CAFE
Computational Analysis of gene Family Evolution
 All Data Structures Namespaces Files Functions Variables Typedefs Enumerations Enumerator Friends Macros Groups Pages
CAFE Usage

In order to give CAFE commands, you must do it interactively through its shell, or by providing CAFE with a shell script listing CAFE commands. To run CAFE interactively, type cafe at your shell prompt. If all is well, the prompt should change to #. At this point you may now begin inputting commands. To exit the shell, type exit. If you need to run multiple analyses using similar inputs, you can provide CAFE with a shell script. These scripts should be saved as text files with UNIX line endings. Scripts may be then executed from your OS or CAFE's shell. Here is an example:

#! cafe
# version
# date
load -i data/example2.tab -t 10 -l logfile.txt -p 0.05
tree (((chimp:6,human:6):81,(mouse:17,rat:17):70):6,dog:93)
lambda -s -t (((1,1)1,(2,2)2)2,2)
report resultfile

In this example, the first line indicates the location of the CAFE shell program. Subsequently, lines beginning with "#" are regarded as comments. Thus, the example above only executes lines 4, 5, 6 and 7. Remember that to run a script you must make the file executable from your OS shell prompt (in the UNIX shell, this is done with chmod a+x filename). CAFE will automatically exit after the last command in the script is completed, so it is not necessary to specify the exit command.

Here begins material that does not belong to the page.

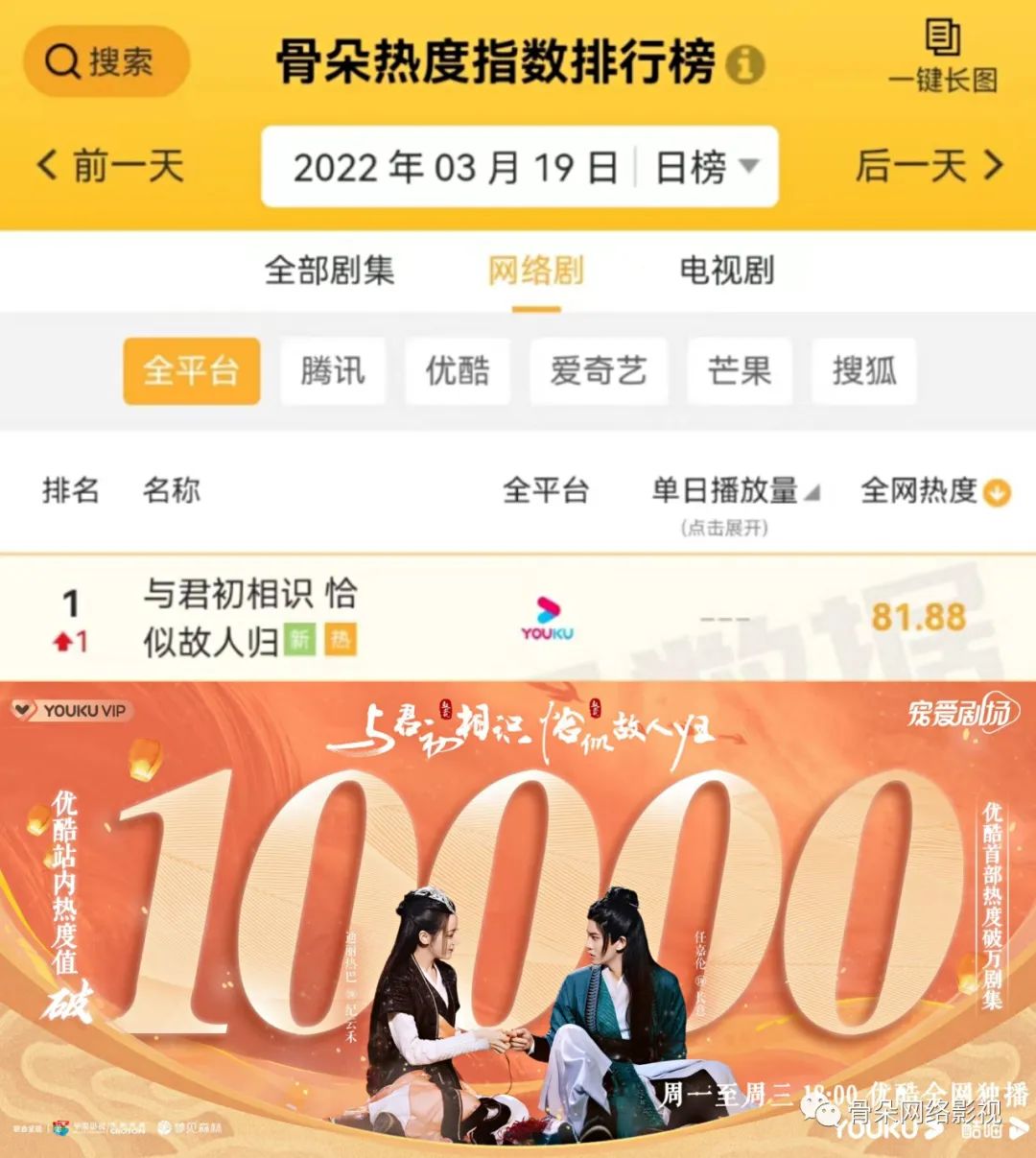 优酷2022重点剧集《与君初相识•恰似故人归》迎来收官。开播后,该剧成为首部在优酷热度破10000的影视剧,在骨朵数据中连续11天霸占热榜第一。

Running an analysis will generally require at least four commands:

  1. load to specify the gene families to analyze
  2. tree to specify the structure of the phylogenetic tree
  3. lambda to specify a specific lambda value or to have CAFE search for a value
  4. report to return the results of running the analysis

Commands

Caferror

caferror.py is a Python script included with the CAFE v4.0 and later software packages that uses the errormodel command iteratively to estimate error in an input data set with no prior knowledge of the error distribution. caferror.py uses the likelihood scores of runs with varying error models to perform a precise grid search of the likelihood surface. The program first estimates average global error across all species in the input phylogeny and then may continue to individual species estimations depending on -s.

Example

$ python caferror.py [-i shell script filename] [-e initial error value] [-d output directory name] [-l log filename] [-o output filename] [-s value]

Note that:

  1. Python 2.6 or newer must be installed on your machine. You can find it on https://www.python.org;
  2. caferror.py must run in the directory in which CAFE is located, as it uses that path to run CAFE.

Command line options

-i shell script filename: The main input of caferror.py is a CAFE shell script, as shown above. caferror.py will extract the following information needed from the shell script and use it to run CAFE many times to estimate error: the input gene family file from the load command, the tree command, and the lambda command. caferror.py will not overwrite the input script, but will instead write its own.

-e initial error value: This is the value with which caferror will begin the grid search. This should be a floating point value between 0 and 1. Default: 0.4.

-d output directory name: caferror.py runs CAFE many times, and therefore creates and stores many error model and CAFE log files. All CAFE log files, error model files, and caferror.py output files will be stored in a directory specified with this option. If the directory has not been created, caferror.py will create it automatically. Default: caferror_tmp_dir_x, where x is an integer one higher than the previous default directory.

-l log filename: caferror.py keeps track of the error estimates and scores in its own log file. This is also where you will find the final error estimates. The user may specify the name of the file with this option. Default: caferrorLog.txt.

-o output filename: The user may specify a name for the output file with this option. The error estimation algorithms create a curve for visualization if plotted, and this output file contains two tab-delimited columns consisting of error model and the corresponding score while using that error model. Simply copy and paste these data points into your favorite graphing software to see how caferror.py estimated the error. Default: caferror_default_output.txt.

Note: this option outputs data points for the global error estimation.